The deep lines in Mabley's old face smoothed out as he smiled at his master. “Yes, your grace, that, and you were out of your head for some time with the fever. Your Grace had all of us mightily worried.”

“Out of my head? You mean I was delirious?” He frowned, trying to piece memories together.

“Yes, your grace.” Mabley approached his master and added softly, “You remembered it all again, your grace.”

There was no need for him to explain further.

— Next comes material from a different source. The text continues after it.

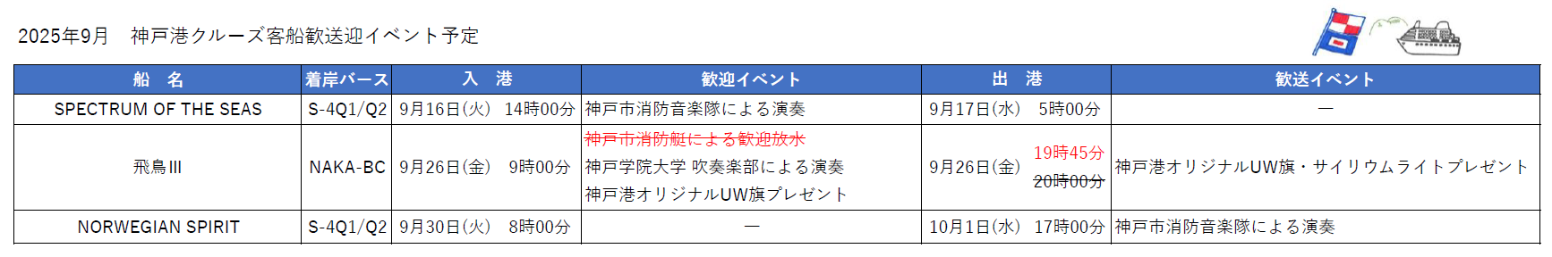 ⚓9/26「飛鳥Ⅲ」の出港時間が変更になりました。(2025.9.3更新)

To Mabley's surprise, the duke didn't dwell on that. He said, “It would appear, Mabley, that someone had taken me into profound dislike. I recall very little of it. Has the culprit been caught?”

Mabley shook his head. “No, your grace. A Mr. Trevor, the Scottish magistrate, is looking into the matter. I will send Mr. Giles to you if you wish. I haven't been with the family.”

“Yes, I would speak with Giles. Damn, but I'm hungry and much in need of a shave and a bath. See to that first, before you send up Giles, will you, Mabley?” He paused a moment, looking hard at his old retainer. “You look like you're ready to fall on your ass, Mabley. Don't tell me you were my only nurse.”